Tielman doubts Snyder Corp. or any future owners would simply give back the original street to the city. But he hopes the loss of the Hyatt name could spur a re-consideration of pedestrian improvements on that stretch of Main Street.

It’s not as if the public hasn’t tried to help the Hyatt avoid its fate.

A review of Buffalo News stories and public records shows the hotel received millions in public subsidies since it opened in the mid-1980s.

-- A $15 million renovation, unveiled in 2009, included $5.1 Million in state grants and $1.1 Million in tax breaks from the erie county industrial development agency.

An article in The News from that year said the Hyatt “has long struggled to turn a profit since first opening in 1984.”
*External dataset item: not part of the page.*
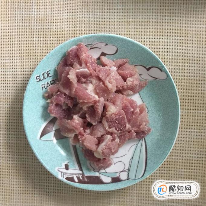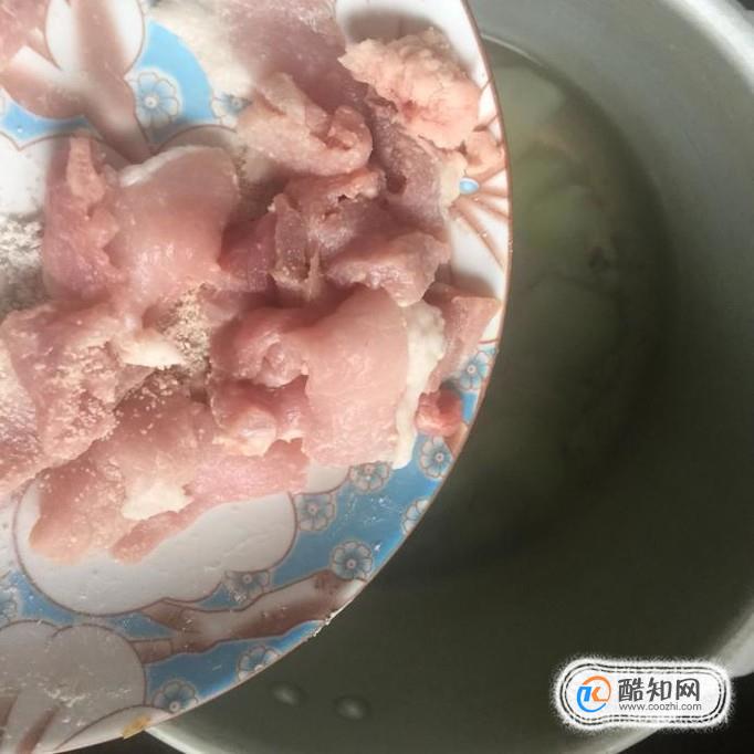 接着把瘦肉洗净,切成薄片并用适量的地瓜粉裹一下。

-- In 1999, a $3 million renovation included sales tax exemptions that were estimated at $224,000.

But the hotel faced money problems stretching back to the 80s, when it escaped foreclosure as a coalition of public and private interests including the Snyder family cobbled together the funds to make it all work..

Hotel officials said they would try to attract another hotel brand to the building. Paul Snyder III did not respond to a message seeking comment for this story. Neither did Michael DeGeorge, spokesman for Mayor Byron Brown.